### [ACTIVITY]
Word for word, restate the lines of the listing below from the line with "Manavgat'ta dev dalgalar" through the line with "A. Grouping of", and do not include the pictures.

*** MATERIALS PROVIDED ***

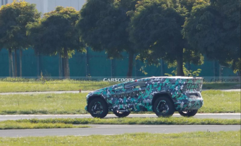 Серед інших деталей — трикутні колеса, масивні пороги, чорний пластиковий обвіс і, ймовірно, двері типу «крило чайки» або «метелик» зі скляними панелями. Також помітні тонкі світлодіодні фари, цифрові бічні дзеркала та кутова задня частина з нестандартною кришкою багажника.
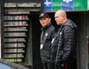 FH-ingar vilja vítaspyrnu!!! Stuðningsmenn baula duglega á dómara leiksins og þeir Óli og Davíð ræða við fjórða dómarann.
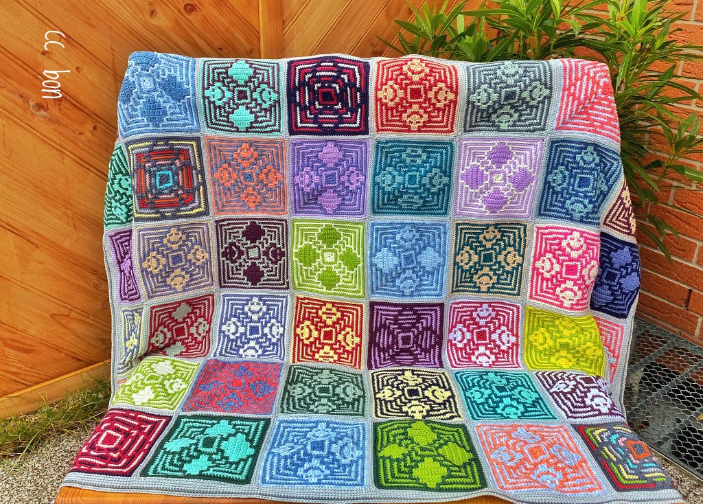 Following this pattern, I show you how to crochet this funny square in mosaic technique. The pattern comes with a written description and additionally contains a chart for mosaic stitches. There are a lot of variations of this granny. I cannot describe them all, but some of the variations you will find as bonus-charts at the end of this document. Yo you will get a pattern for more than 4 different squares.
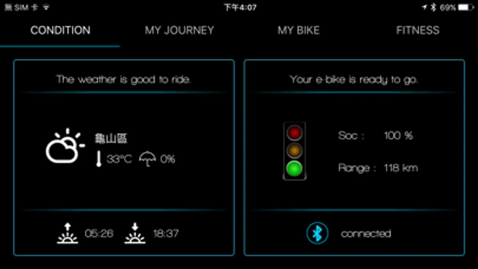 The BESV SPORT App offers the weather and e-bike system conditions and many other features. It also comes with fitness functions such as heart rate and calorie burn calculators to help mountain bikers review their training progress.
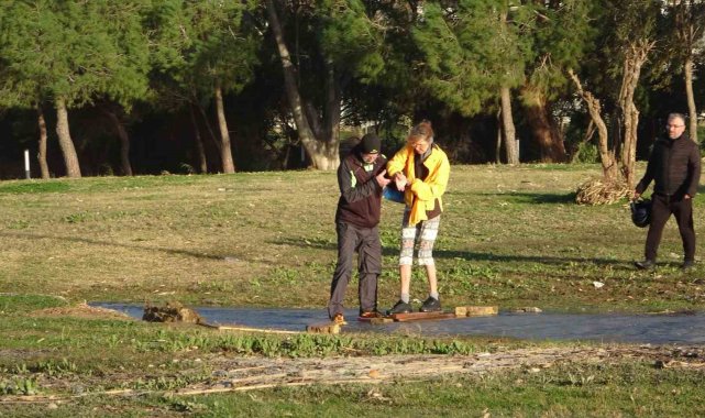 Manavgat'ta dev dalgalar Titreyengöl'ü denizle birleştirdi
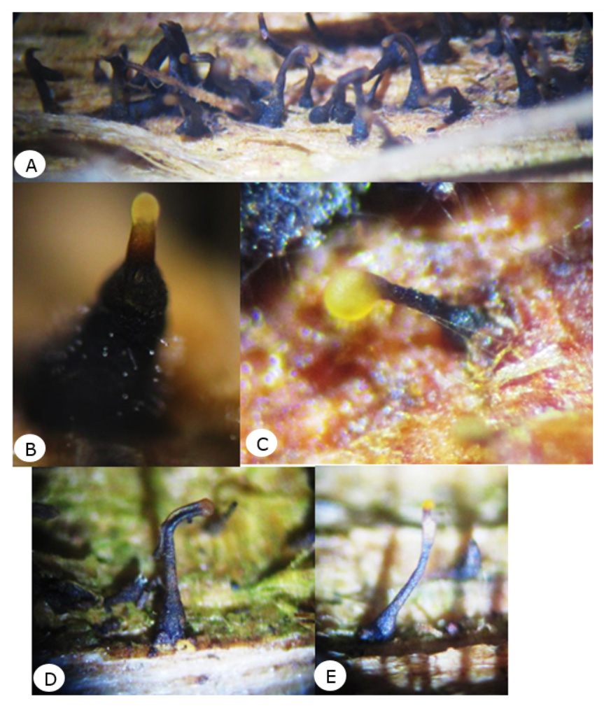 A. Grouping of pycnidia on wood. B - C. Pycnidia on bark with mass of conidia in the ostium. D-E. Pycnidia on wood with mass of conidia in the ostium.
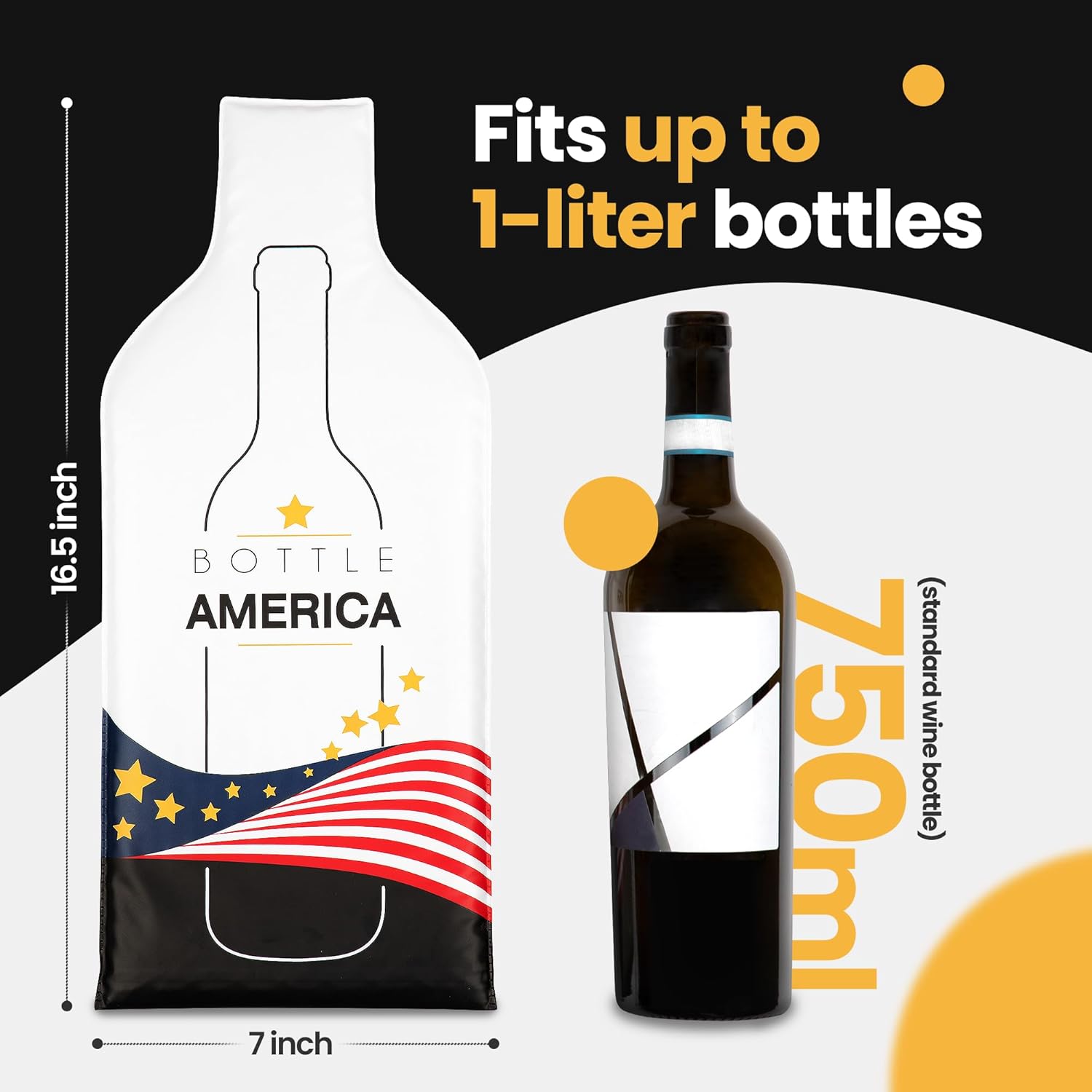 - [STYLE MEETS PROTECTION] Our wine skin for travel makes a cool gift for groups of people on a cruise, at parties, and events--not to mention that they elevate holidays for wine lovers, travelers, movers and packers of wine alike. With a sleek American flag pattern, they not only protect bottles but also make them cooler and stand out.

*** End of MATERIALS PROVIDED ***

### [RESULT OF THE EXERCISE]
 Manavgat'ta dev dalgalar Titreyengöl'ü denizle birleştirdi
 A. Grouping of pycnidia on wood. B - C. Pycnidia on bark with mass of conidia in the ostium. D-E. Pycnidia on wood with mass of conidia in the ostium.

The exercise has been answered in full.